◆ **WHAT IS REQUIRED**: Could you copy exactly the lines below from the one with "Тип: Кухонная мойка" to the one with "Natura Kwiat początkowy", inclusive, leaving out any pictures?
· · · · ·
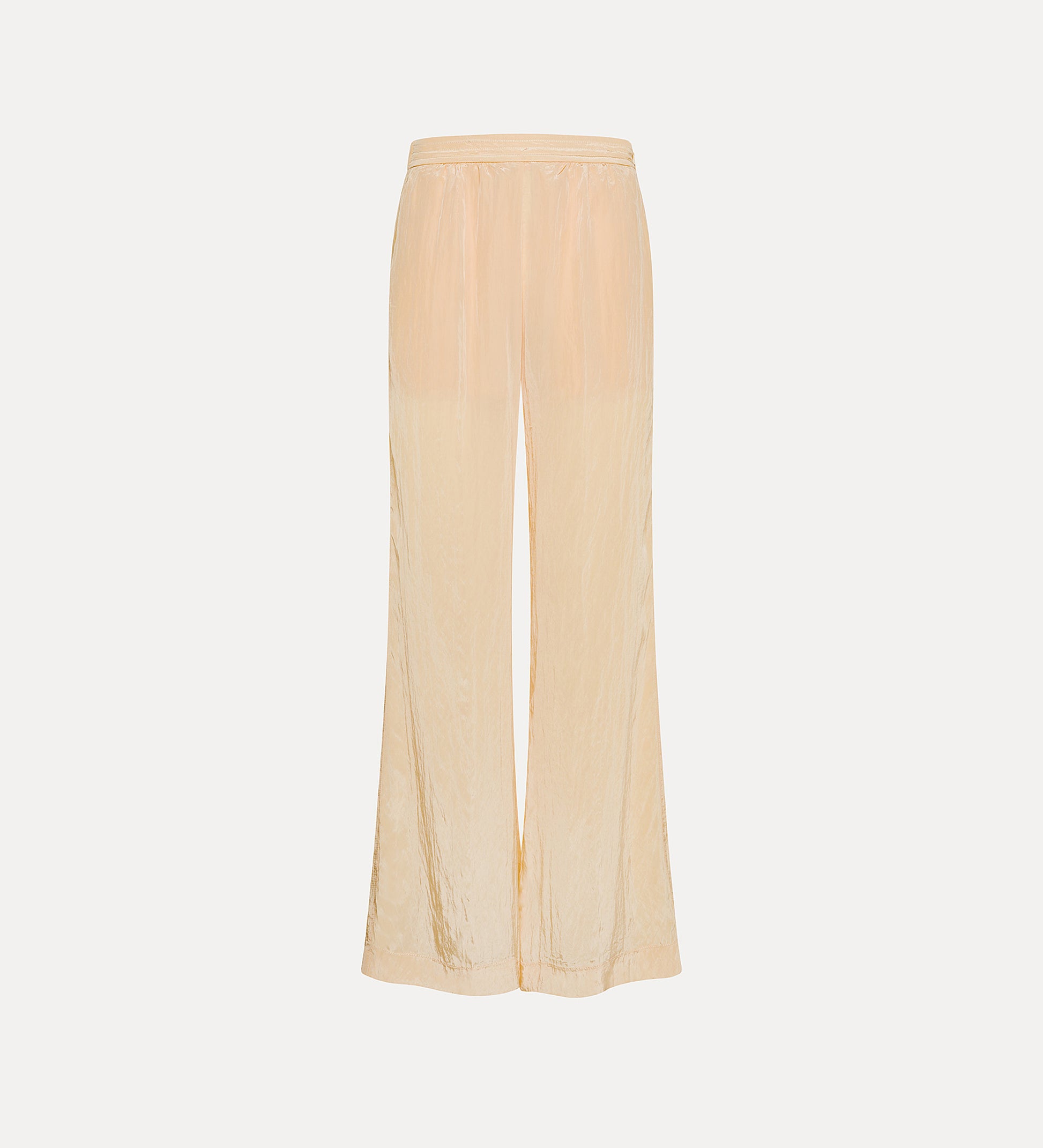 These flared trousers, crafted in lustrous viscose satin, sway with every step, blending ease and elegance. The elasticated waistband is detailed with delicate rows of topstitching, adding a refined touch of metropolitan flair. Pair them with matching tops and layer on feather or shell bijoux for a subtle bohemian accent that carries you effortlessly from dawn to dusk.
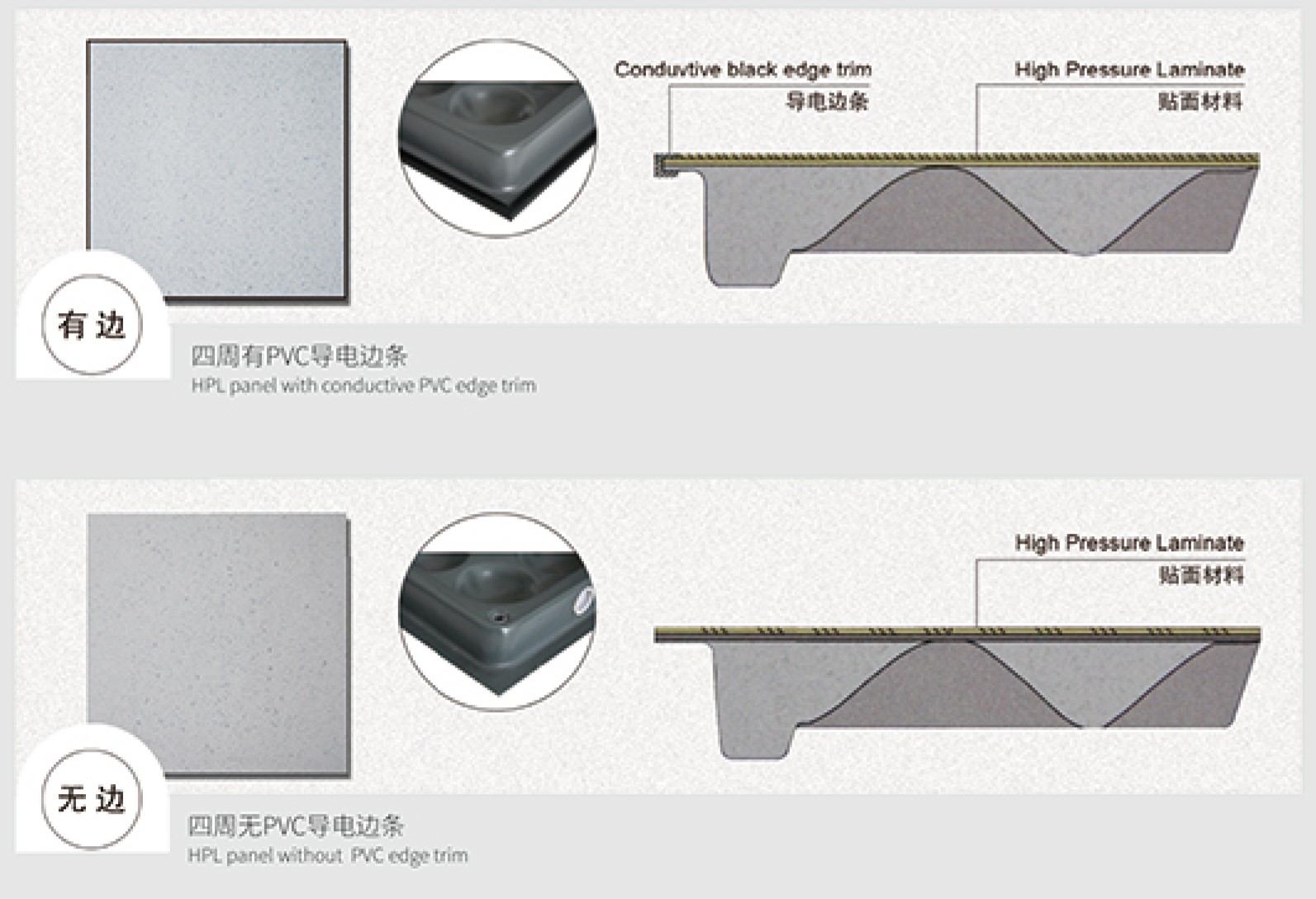 - HPL surface resistivity: 1×10⁶ – 1×10⁹ Ω (ligtas na saklaw para sa electronics)
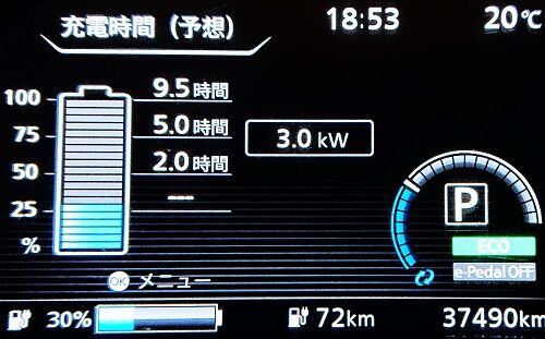 日 … 2023/10/14 場所 … 自宅 設備 … 普通充電(3kW) 気温 … 17℃ 充電時間 … 7時間00分(タイマー充電) 充電前 … 30% 充電後 … 91% 使用量 … 56%(前回充電後残量からの使用量) 充電量 … 61% 充電率/分 … 0.15% 総電力使用量 … 18.2(kWh) 電力消…
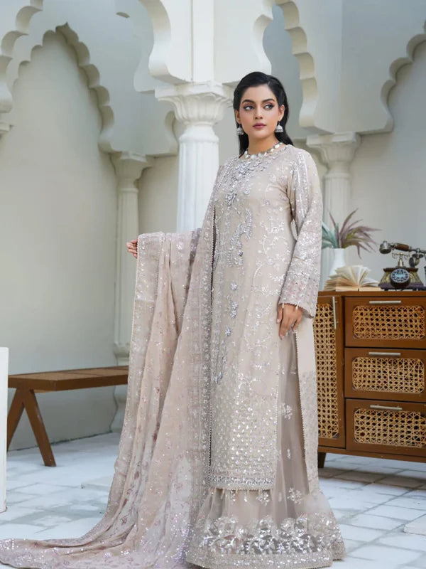 Fabric: Chiffon long shirt fully embroiderd paired with embroiderd net sharara and chiffon embroiderd dupatta..
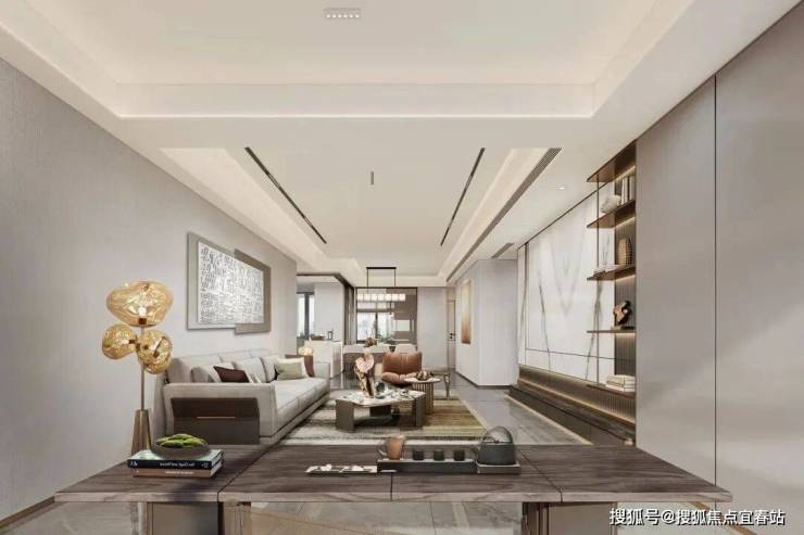 ②颜值品质空间:750*1500mm卡塔灰超大地砖通铺、柜体木纹留影、抗潮湾玺同款金属PET、天幕白玉电视背景墙、特殊玻璃、仿金属踢脚线,多个豪宅同款颜值细节,生活充满爆款。公区的意大利灰大理石,仿木纹铝合金顶板,金属线条装饰,玫瑰金电梯门框,豪华酒店式电梯,精致大堂壁画,全空间高颜值。
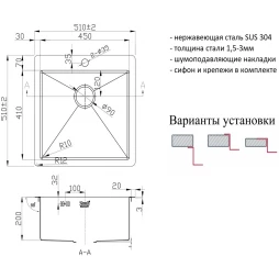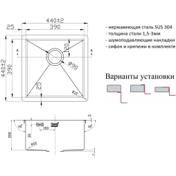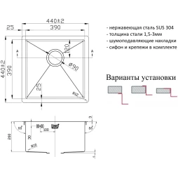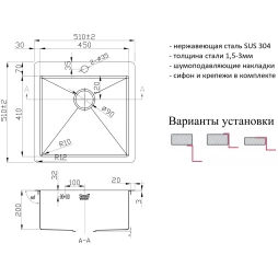 Тип: Кухонная мойка x Материал: Нержавеющая сталь x Форма: Квадратная x
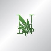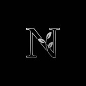 Natura Kwiat początkowy list N Logo, Monogram Elegancja Czarno-białe kwiaty natury ozdoba styl wektor projekt.
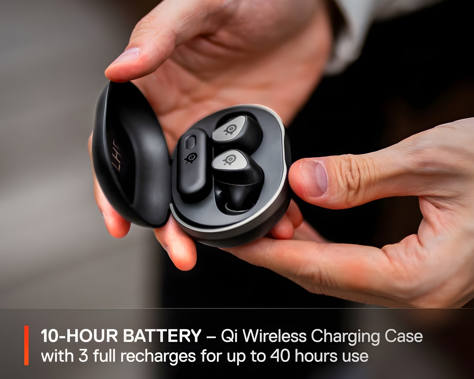 GameBuds are carefully designed to provide comfort no matter how long you play, so you can enjoy your gaming sessions without discomfort. Their fit is secure and stable, allowing you to focus fully on the game without worrying about the headphones slipping out.
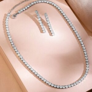 Jewellery Set : Add a touch of sophistication with Rhodium-Plated Tennis Necklace Set, adorned with sparkling cubic zirconia and matching drop earrings, designed for timeless elegance. Occasion : Bring your style to a whole new level with this handcrafted piece of jewellery. When you’re celebrating a special Occasion : – a birthday, parties, wedding, festive or personal milestone – this piece adds that extra something that makes us feel special and looking our best. Material & Care Material : Brass Dimension :Necklace – Length : 19 cm ; Earring : 3.8 cm Necklace – Width : 0.4 cm ; Earring : 0.4 cm Weight : 19.88 Gram Net Quantity : 1 Necklace & 1 Pair of Earrings Care Label : It is advisable to avoid contact with water and organic chemicals i.e. perfume sprays. Store jewellery in airtight box. After use, wipe the jewellery with soft cotton cloth.
· · · · ·
◆ **OUTPUT BELOW**:
 Тип: Кухонная мойка x Материал: Нержавеющая сталь x Форма: Квадратная x
 Natura Kwiat początkowy list N Logo, Monogram Elegancja Czarno-białe kwiaty natury ozdoba styl wektor projekt.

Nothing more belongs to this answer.